Cara is still determined to convince her father to let her ride dragons and one day go to the competitions with Skydancer. Dragonsdale follows Cara as she goes through obstacles, such as an arrogant child called Hortense, who is constantly making Cara mad, and finally achieves her goal when she buys Skydancer, but she loses control and declares he must be destroyed.

Cara runs away with Skydancer to the mountains. In the mountains, Cara loses her way and follows a path leading in the wrong direction. The path leads Cara off a cliff and she nearly falls off of it, but Skydancer takes the back of Cara's shirt and pulls her to safety, it is after that that Cara and Sky Hear the Firedogs and Howlers for the first time. When they hear the Firedogs and Howlers for a second time Cara finds out that Drane was following her.

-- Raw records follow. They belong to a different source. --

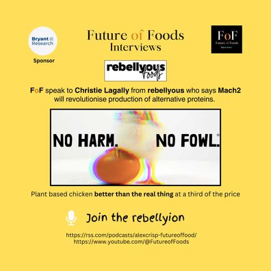 Christie Lagally From Rebellyous Foods talks to Alex, host of FoF. Their new Mock2 production system, which will be fully operational within months, promises to produce plant based chicken at a third of the current price. Christie tells Alex that it tastes better than the real thing.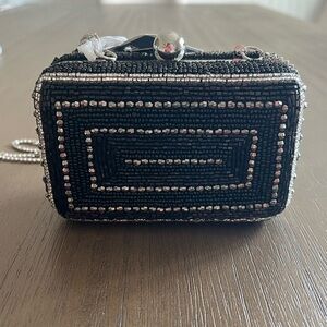 Unique beaded camera-shaped clutch with a chain strap. Features black and silver beads.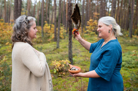 "Gespannt lausche ich, was uns erwartet und von diesem Moment an halten Bina und Sylvia einen so liebevollen, wertschätzenden und großen Raum für alle Prozesse, intimste seelische und körperliche Erfahrungen, dass ich tiefes Vertrauen fasse, mich so zu zeigen, wie ich wirklich bin. Der Wolf(f)sfrau in mir auf der Spur. Was für ein Geschenk.""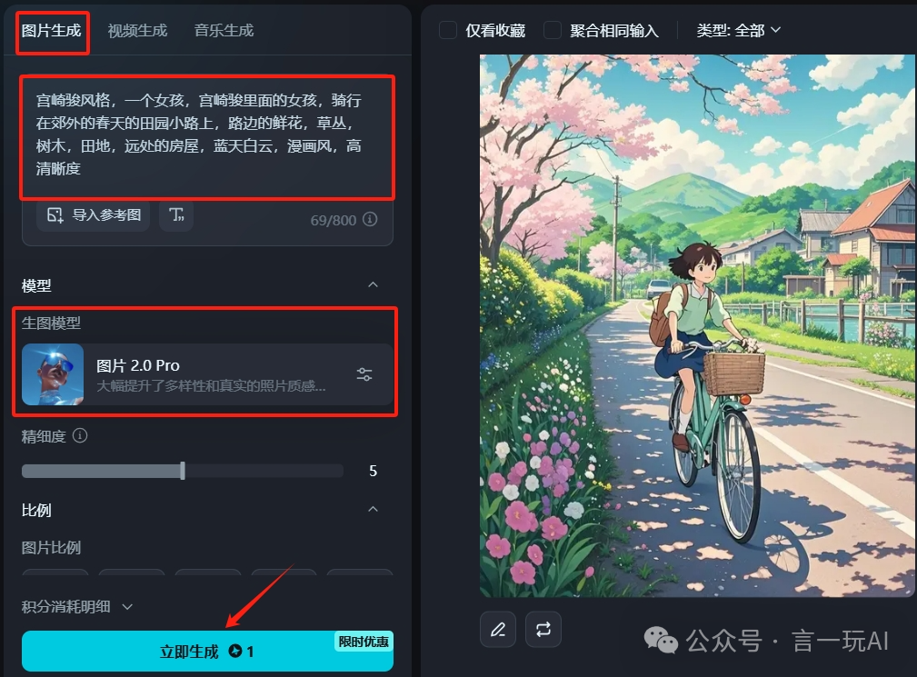 操作步驟: 第一步:圖片生成 首先打打開(kāi)即夢(mèng)官網(wǎng):https://jimeng.jianying.com/ 首先打開(kāi)即夢(mèng)官網(wǎng),進(jìn)入圖片生成頁(yè)面,選擇圖片生成,在方框里填入提示詞:宮崎駿風(fēng)格,一個(gè)女孩,宮崎駿里面的女孩,騎行在郊外的春天的田園小路上,路邊的鮮花,草叢,樹(shù)木,田地,遠(yuǎn)處的房屋,藍(lán)天白云,漫畫(huà)風(fēng),高清晰度。 生圖模式選擇2.0Pro,生圖比例選3比4,點(diǎn)擊立即生成。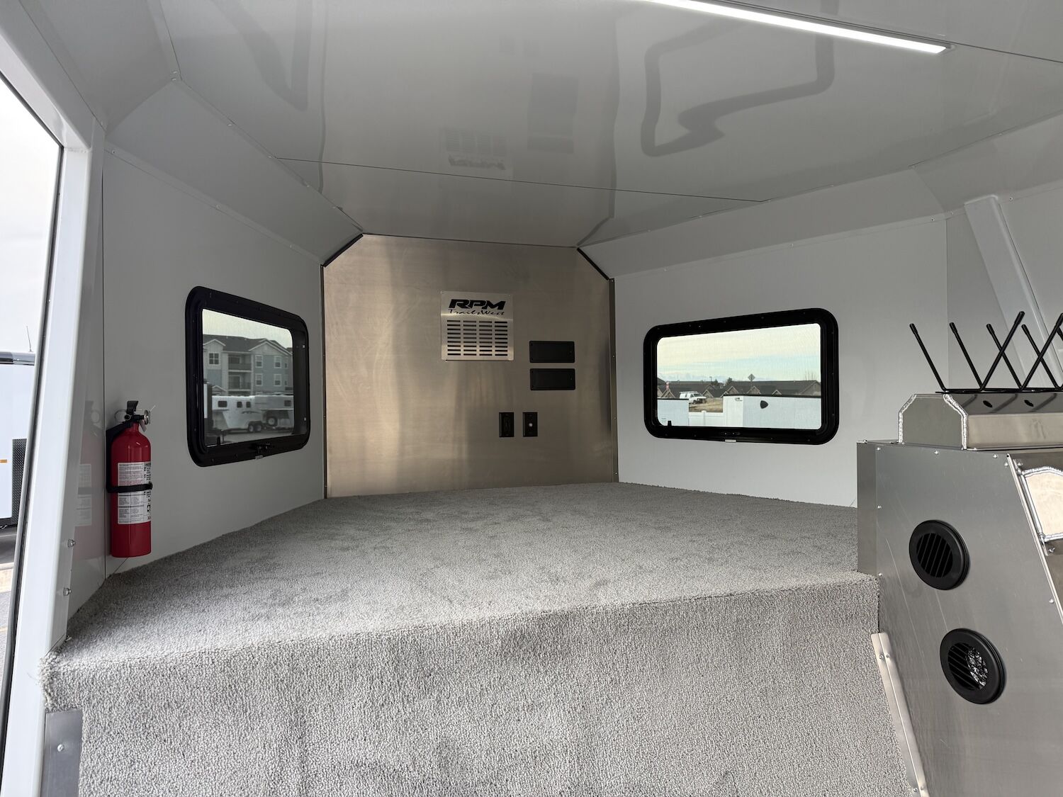 The 2026 RPM by Trails West is here!! Standard Features include a Double Step, Additional 4" of Interior Height, Aluminum Mill Finish on interior, Frameless Windows, and the newly added option of Protech Flooring! This new flooring eliminates the need of having ski glides in the box of the trailer and elevates the floor about 1/2" to keep you from standing in water when all of the snow is melting off your machines and gear! Packages we offer here at the dealership is our Life Elevated Package which includes: Propane Gauges, Garbage Can, Self-Retractable USB Charge Cables, and Ski Glides on the Front Ramp. We also offer Solar Packages to satisfy your needs of power off grid! With our level of expertise we can get you set up in a trailer specified for your needs for you to use for years to come! Come check us out! You won't regret it! The RPM Snowmobile Trailer from Trails West ensures that you travel in style while still being convenient and practical. It comes standard with the Roof and Walls Insulated, LED lights, 40,000BTU Furnace, Premium Stereo, Tons of Charging, a place to hang all your gear and much more. You can’t go wrong with this trailer! Swing on by to check it out for yourself!

When they're being circled in by the Firedogs and Howlers Sky dancer runs out of flame and Drane encourages Cara to ride Skydancer. While Drane is trying to make Cara ride Skydancer Cara is encouraging Drane to ride Sky (Skydancer) and be saved from death as well. But Drane refuses.

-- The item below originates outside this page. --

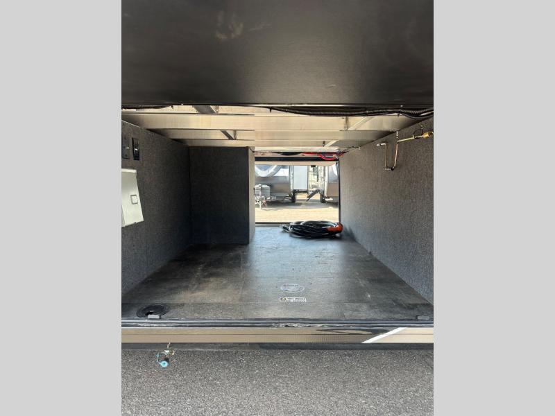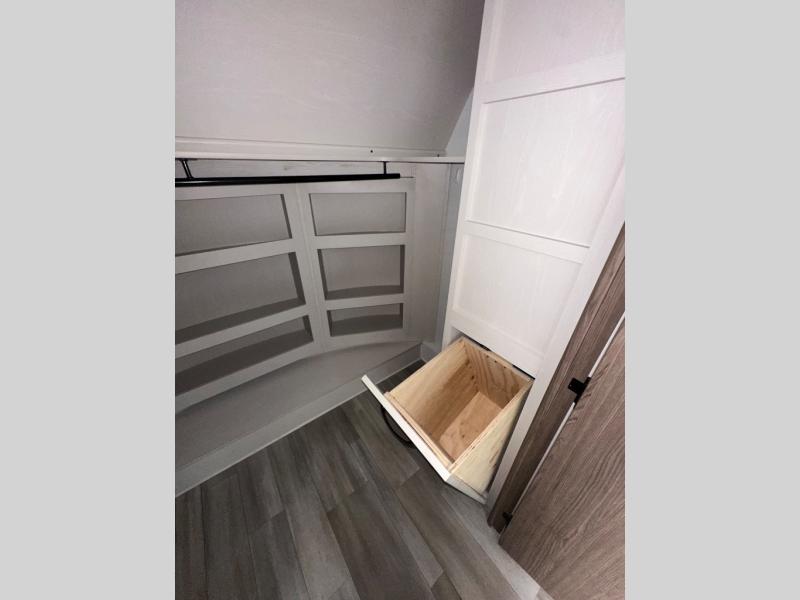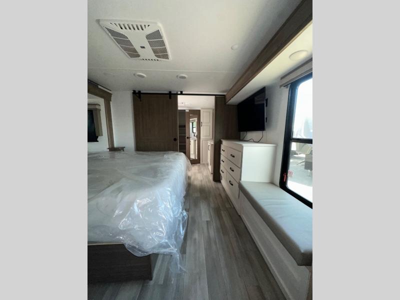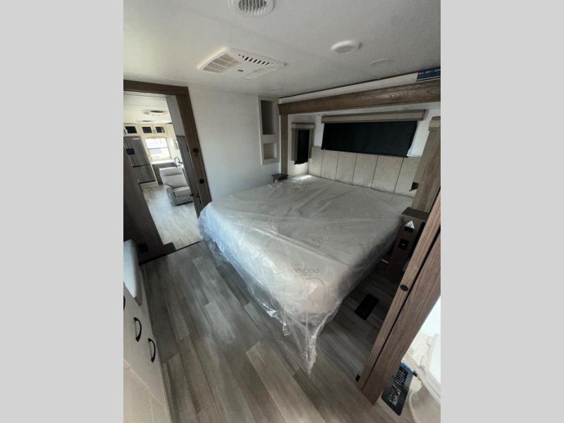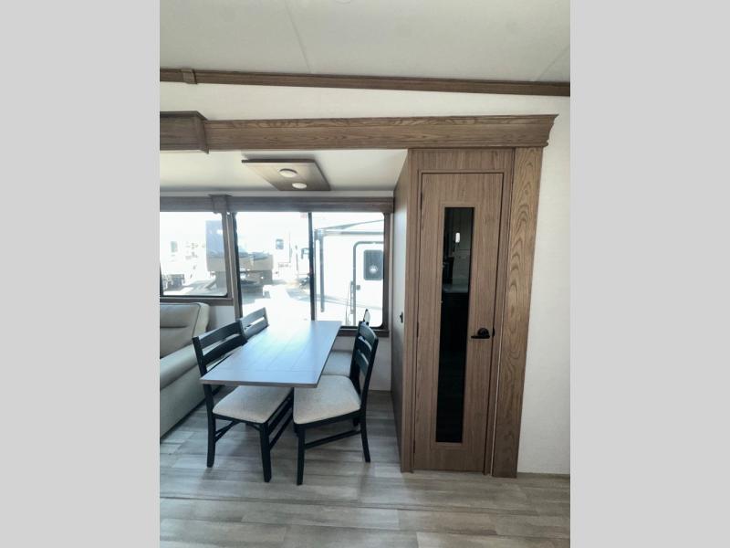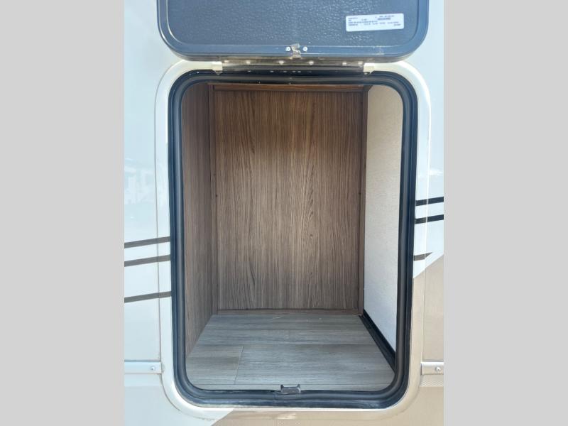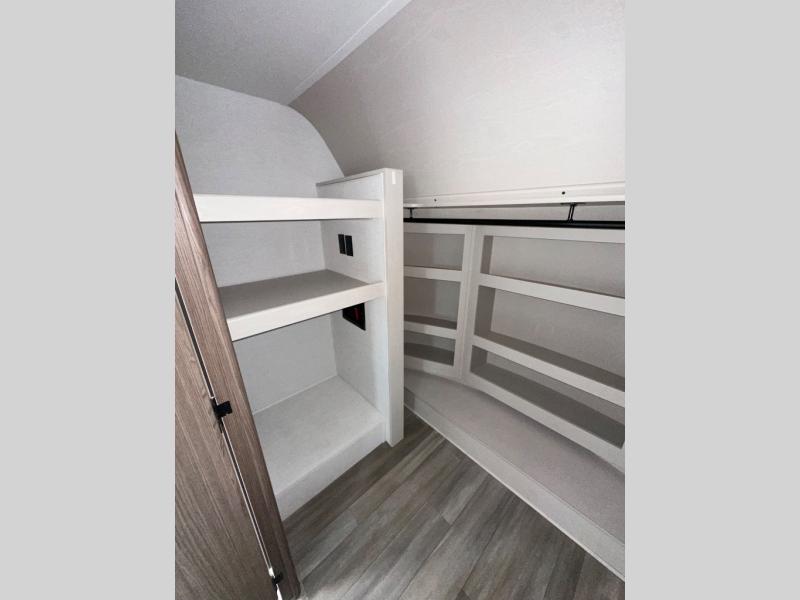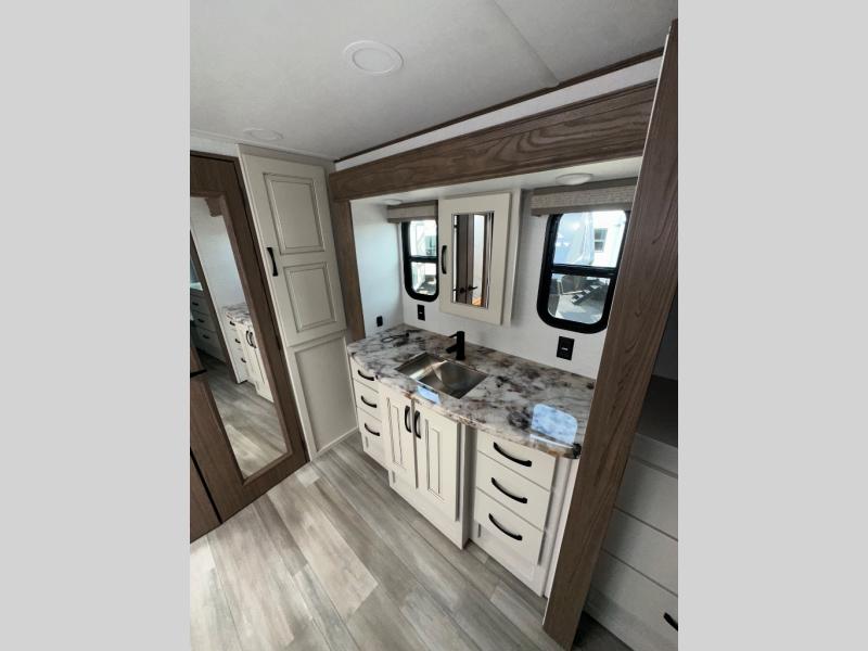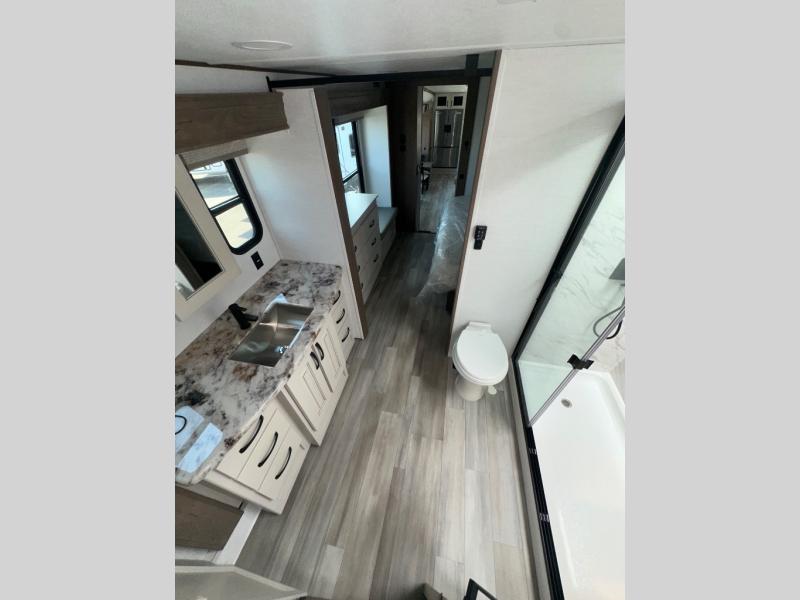 You won't want to camp any other way once you step inside this fifth wheel! the chef will enjoy all of the space in the rear kitchen with ample counter space, a 19 cu. ft. 12 volt residential refrigerator, and a pantry for snacks. Everyone will love to meet in the middle living area that includes dual sleeper sofas and a dual recliner loveseat across from the 50" Smart TV and fireplace. The half bathroom is nearby for quick bathroom breaks too. You will feel right at home in the master suite with a king bed slide to lay your head on at night, a flip top dresser with a Smart TV above it to watch your movies in true comfort, and a seat with storage, plus access to the front full bathroom. Inside the bathroom, you will find a 61" x 30" shower to freshen up in and a walk-in closet with a hamper, shelves, and washer and dryer prep for clean clothes throughout your entire trip!

While all this is happening, back in Dragonsdale Huw, Cara's father, is worried.

Back in the mountains, Drane finally gets Cara to ride Skydancer, but was picked up in Sky's talons! Together, Sky, Cara and Drane fly back to Dragonsdale after promising that they won't say that Cara rode Sky.

She secretly trains Skydancer to fly through obstacles. Hortense and Huw discover this and Huw bans Cara from riding Skydancer ever again. A competition comes up and Hortense is to ride Skydancer. Skydancer makes mistakes based on Hortenses confusing signals and they lose the competition. When Cara goes to the ring she sees Hortense yelling at Sky, then Hortense punishes him with a whip on the muzzle. Skydancer gets mad and gets ready to flame Hortense. Just on time, Cara stops Skydancer, and they decide to do the obstacle course together. Cara does an excellent job, but she knows her father is mad. Surprisingly, Huw lets Cara ride again and bans Hortense from riding Skydancer ever again. The dragon and dragonrider live happily ever after and fly off into the noon sun, at least until the novel's sequel. That is called Riding the Storm.